What to do: The line containing "A hand-tied bouquet" marks the end; return exactly every line from the start of the records up to and including it, but no pictures.

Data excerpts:
::::

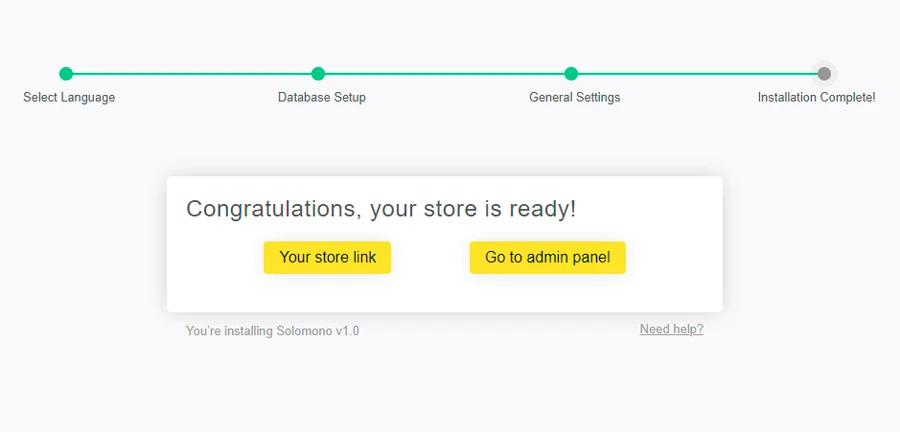 At final step, you will see a window with links to your online store and admin panel to manage your online store.
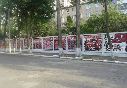 До 1 вересня вчителі та учні розмалювали 34 бетонні секції шкільного паркану традиційними орнаментами усіх регіонів України. Загальна площа малюнка становить понад 200 квадратних метрів.
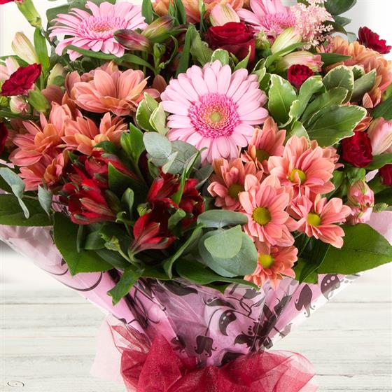A hand-tied bouquet in a variety of deep red and pink shades encasing a single, long stemmed red rose.
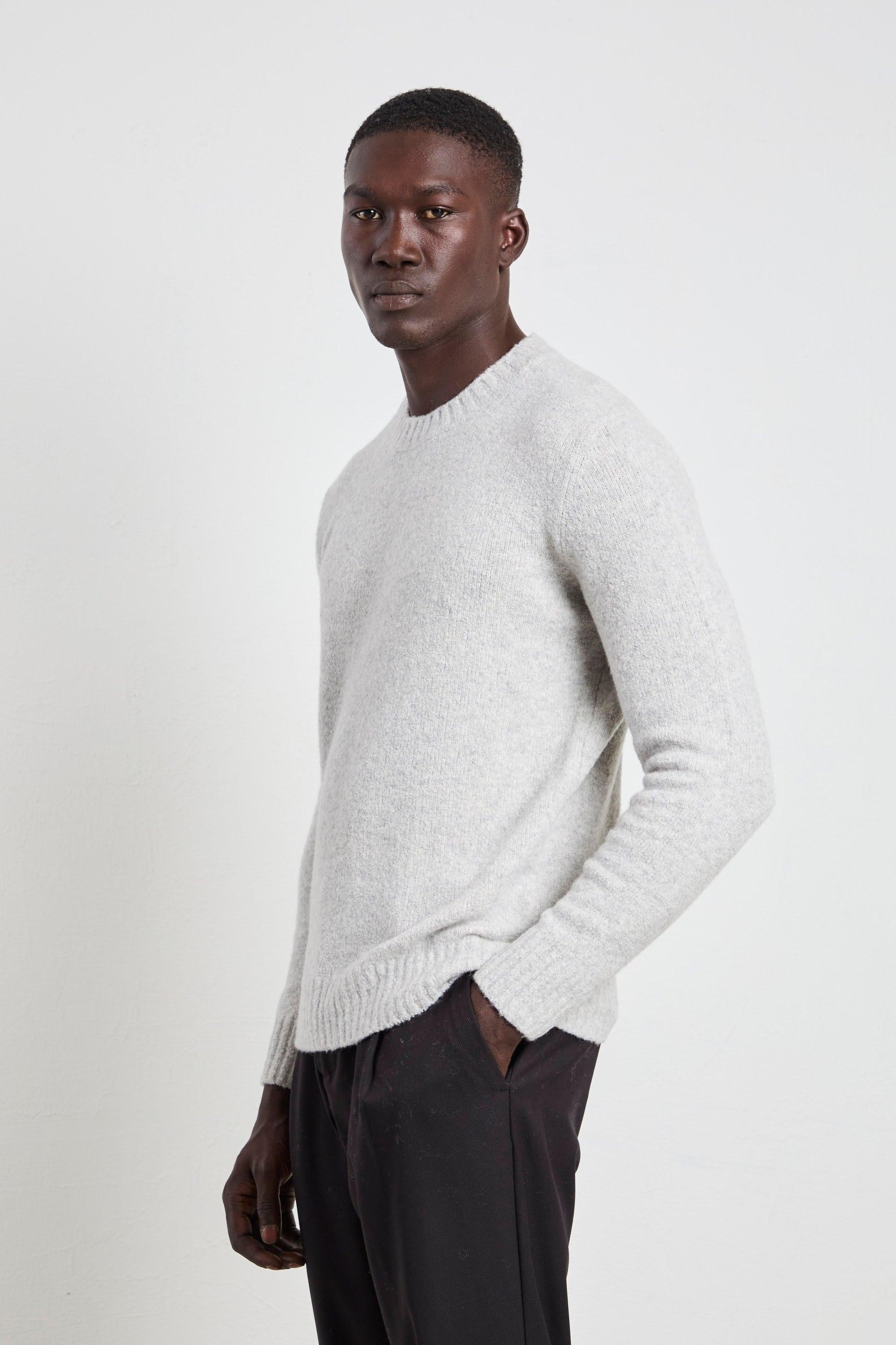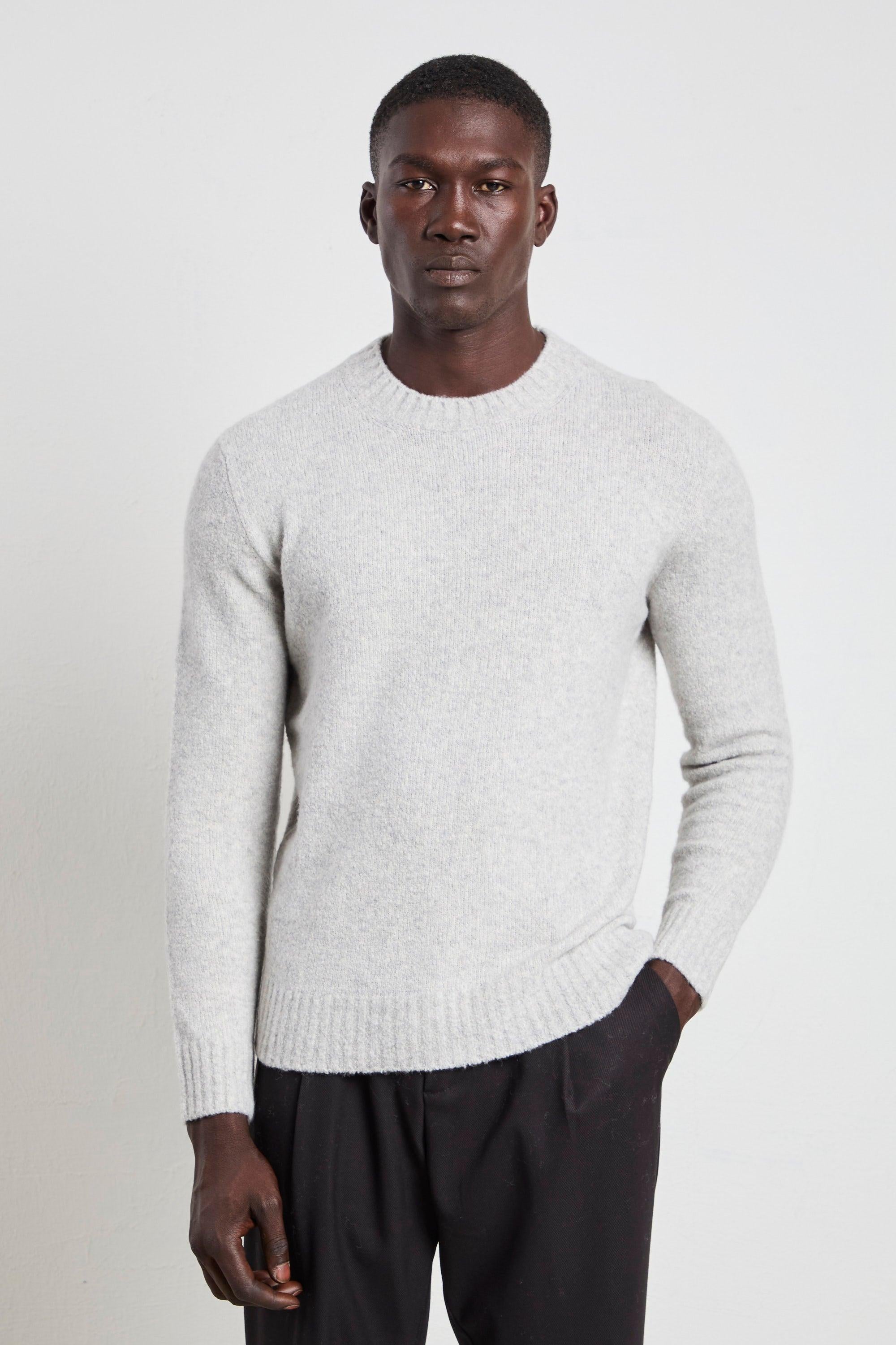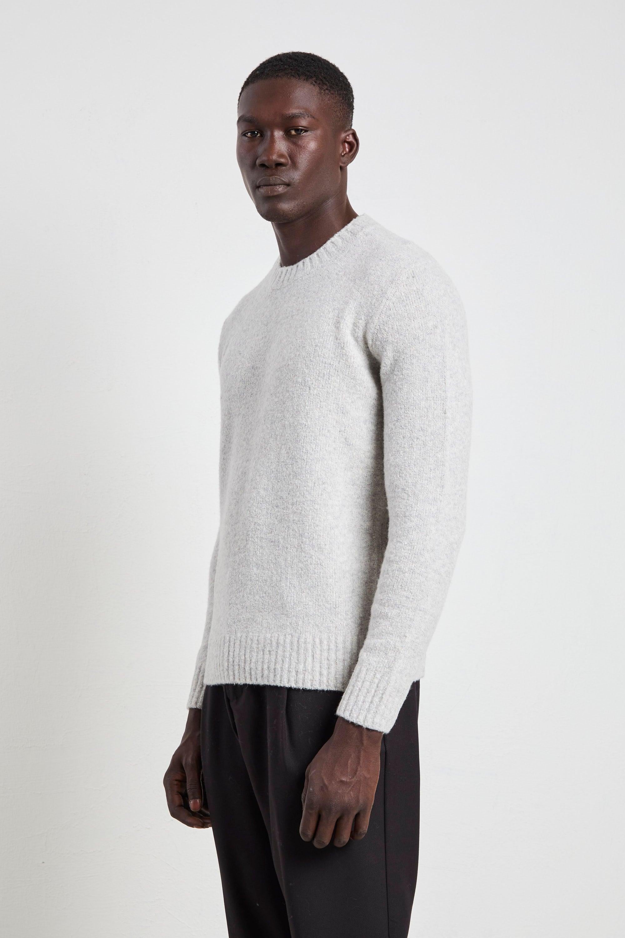 Dettagli• Modello: girocollo bouclé• Colore: perla• Vestibilità: regolare• Composizione: 72% lana, 20 poliammide, 6% cashmere, 2% elastan• Fondo e polsi: a coste elasticizzati• Taglia indossata: 50• Made in: Italia• Logo: discreto logo “Kangra” ricamato
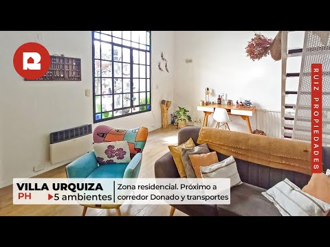 <p>VENTA PH DE 5 AMBIENTES EN VILLA URQUIZA</p><p><br></p><p>Excelente ubicación en una zona residencial de Villa Urquiza a metros del corredor verde Donado con numerosos medios de transporte.</p><p>Se trata de un PH sin expensas y con entrada independiente. </p><p>El mismo fue modernizado y reciclado en su totalidad generando aprovechamiento de espacio y luminosidad en todos sus ambientes.</p><p>En planta baja se accede por un pasillo privado que desemboca en un patio de distribución. Cuenta con living comedor, cocina completa con conexión de lavarropas y un gran comedor diario, un 2do patio a su contrafrente. Toilette, una habitación con entrepiso, escritorio y un pequeño estudio.</p><p>La planta alta posee tres dormitorios amplios, el principal en suite y un gran vestidor. Los restantes con placard y un segundo baño completo.</p><p>Del patio de planta baja se accede a una terraza en el primer nivel con parrilla.</p><p>No apto crédito.</p><p><br></p><br>

::::

Completed task:
 At final step, you will see a window with links to your online store and admin panel to manage your online store.
 До 1 вересня вчителі та учні розмалювали 34 бетонні секції шкільного паркану традиційними орнаментами усіх регіонів України. Загальна площа малюнка становить понад 200 квадратних метрів.
A hand-tied bouquet in a variety of deep red and pink shades encasing a single, long stemmed red rose.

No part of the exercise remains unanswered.